Conversely, several studies demonstrated that WC or other central obesity indicators might be superior predictors of DLP (30-32). Furthermore, according to the multiple logistic regression analysis reported herein, WC in women and BMI in men were the better predictor of DM and HTN. It may occur since the cut-points of central obesity in men based on both ATP III and International Diabetes Federation (IDF) criteria (22,33) were higher than the 1st quartile of WC, which was considered the reference value to estimate the ORs in this study. However, various studies had different results. In some of these, WC was a better and accurate measure of CVD risk (16-18). For instance, Vazquez et al. reported that abdominal obesity was a stronger predictor of DM incidence than overall obesity (34). However, in the US and European Caucasians, overall obesity was a better predictor of DM (35). Also, Knowles et al. noted that WC was the best predictor of HTN in men and DM in women (36). In several studies, WC had a much stronger relationship with DM, HTN, and DLP (37-39) while in some others, both WC and BMI were worthy predictors of the CVD risk factors (11,40-41). Furthermore, a meta-analysis illustrated that BMI and WC were equally good in forecasting DM (34). Thus, measurement of both BMI and WC can improve CVD risk stratification (11).
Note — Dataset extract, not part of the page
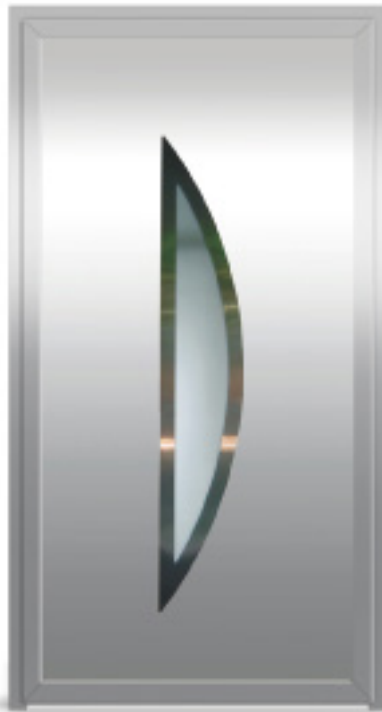
Model: EK04 Seria: Vetrex Premium Comfort

In this study, along with the other study performed by Lee et al. on the Chinese living in Hong Kong (42), the mean BMI and WC were higher in DM, HTN and DLP subjects, with the presence of greater number of risk factors, which can demonstrate the increasing effect of both kinds of obesity indices in causing multiple risk factors.

Limitations

The use of cross-sectional data to determine the relationship between anthropometric indices and CVD risk factors is the limitation of this research work. Therefore, we were not exactly able to analyze the causal relationship between obesity and the risk factors in this study.

Conclusions

We conclude that BMI is the better predictor of DM, HTN, and DLP in men compared to WC. Conversely in women, WC is a superior predictor than BMI, particularly for DM and HTN subjects. So, BMI alone might be a useful indicator in Iranian men if measuring WC is difficult. Furthermore, the measurement of both WC and BMI in Iranian adults may be a better predictor of traditional risk factors of CVDs than BMI or WC alone. Therefore, it is suggested that both BMI and WC be regular measures for identification of the high-risk obese population in epidemiological studies.

ACKNOWLEDGEMENTS

This study was conducted by the ICRC (a WHO-collaborating centre) in collaboration with Isfahan Provincial Health Office, both of which are affiliated with the Isfahan University of Medical Sciences. The work was supported by a grant (No. 31309304) from the Iranian Budget and Planning Organization as well as the Deputy for Health of the Iranian Ministry of Health and Medical Education and the Iranian Heart Foundation. We are thankful to the team of ICRC and Isfahan Provincial Health Office as well as collaborators from Najafabad Health Office and Arak University of Medical Sciences.